4) We do an all-AMPs
RETRIEVE step from
DP_CORE_SEM.ETIYA_FATURA_TALEP_DIM in view
VP_SEM.ETIYA_FATURA_TALEP_DIM by way of an all-rows scan with no
residual conditions into
Spool 7 (all_amps), which is built
locally on the AMPs. Then we do a SORT to order Spool 7 by the
hash code of (
The size of
Spool 7 is estimated with high confidence to be
12,691,911 rows (469,600,707 bytes). The estimated time for this
step is 0.86 seconds.
5) We do an all-AMPs
JOIN step from Spool 5 (Last Use) by way of a
RowHash match scan, which is joined to Spool 7 (Last Use) by way
RowHash match scan. Spool 5 and Spool 7 are right outer
joined using a
merge join, with condition(s) used for non-matching
on right table (
"NOT (STRT_CNL_ID IS NULL)"), with a join
condition of (
"CNL_ID = STRT_CNL_ID"). The result goes into Spool
3 (all_amps), which is
built locally on the AMPs. The result
spool file will not be cached in memory. The size of
Spool 3 is
estimated with low confidence to be 128,621,109,816,881 rows (***
bytes).
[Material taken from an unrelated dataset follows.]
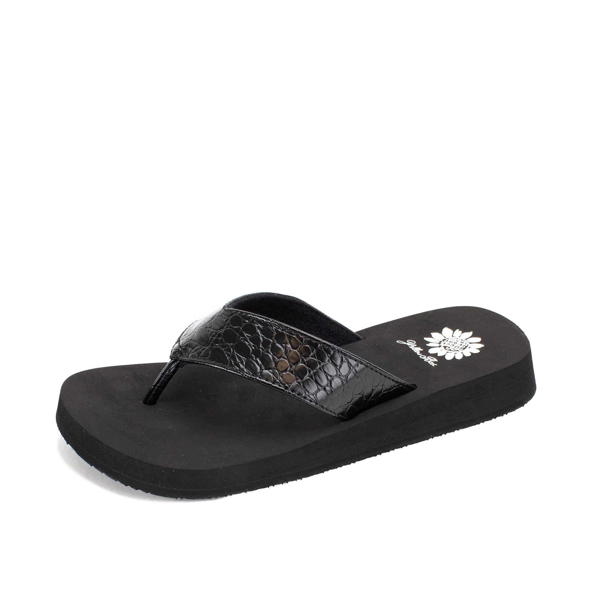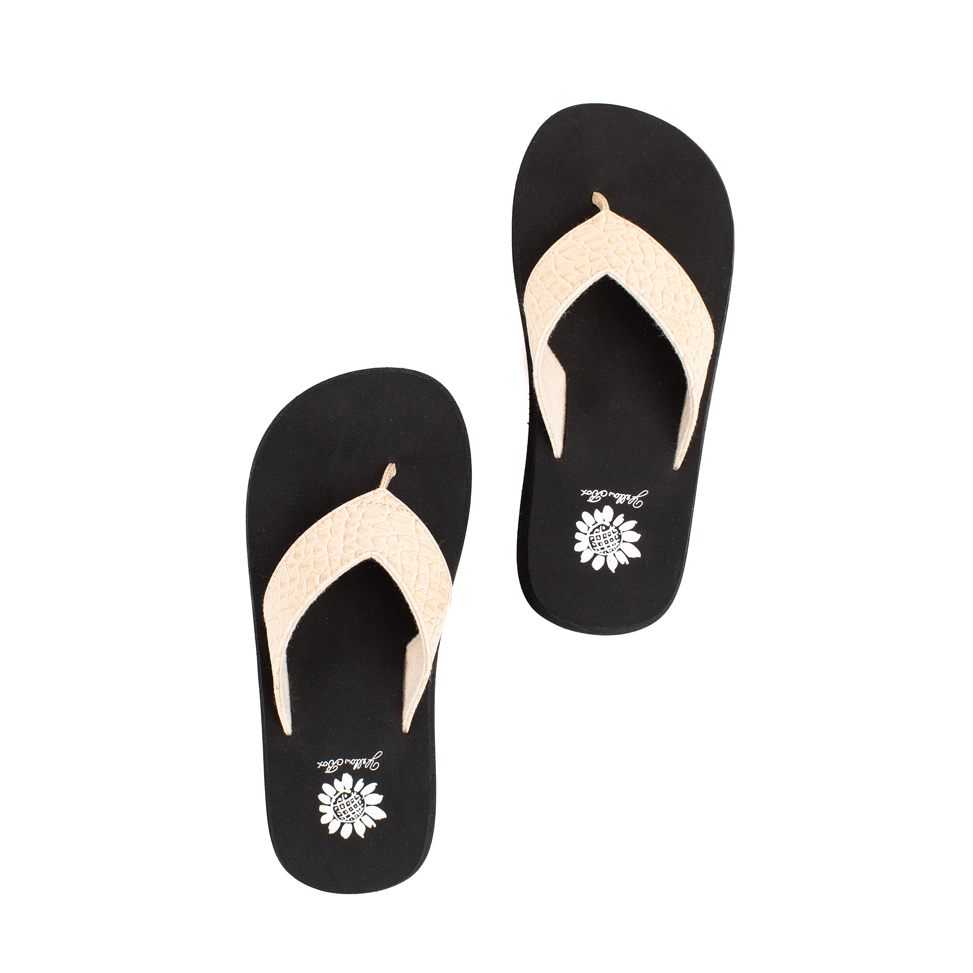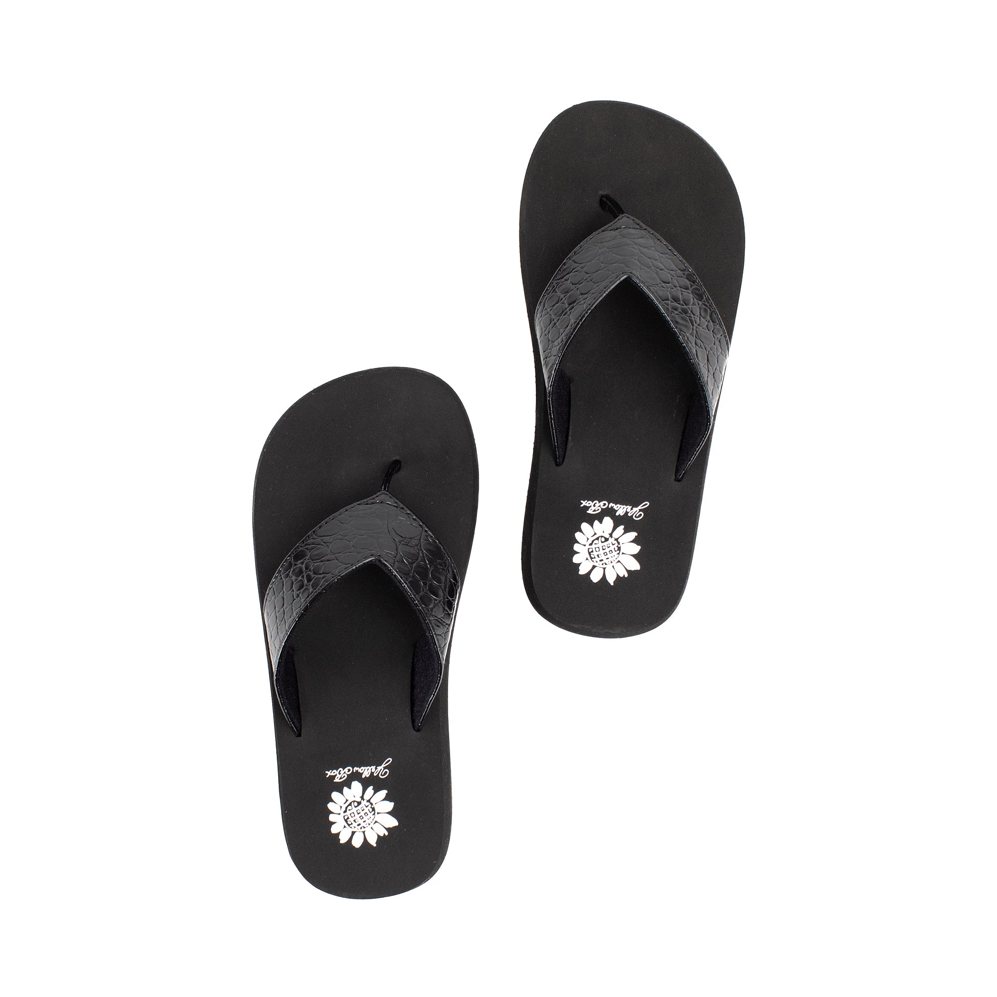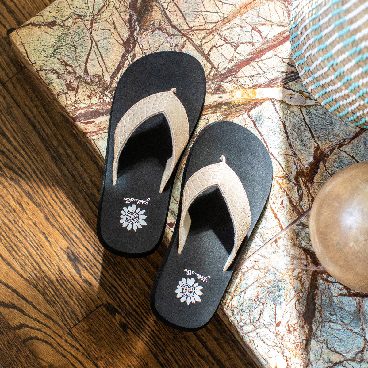 Wear a bold exotic croco in these rough and tumbled faux leather strap sandals.

The estimated time for this step is 1,
111 hours and 49
6) We do an all-AMPs SAMPLING step from
Spool 3 (Last Use) by way of
all-rows scan into Spool 1 (group_amps), which is built locally
on the AMPs. Samples are specified as a number of rows.
7) Finally, we send out an END TRANSACTION step to all AMPs involved
in processing the request.
-> The contents of
Spool 1 are sent back to the user as the result of
Stats might be up-to-date, but at least one on VP_SEM.CNL_DIM.DWH_STATUS is missing, DIAGNOSTIC HELPSTATS ON FOR SESSION; will reveal this.
The estimates are horrible, what's the actual row counts for those tables?
Seems the optimizer has no information about uniqueness or the join is not correctly using the logical PKs/FKs.
Can you provide more details, DDL/PI, stats?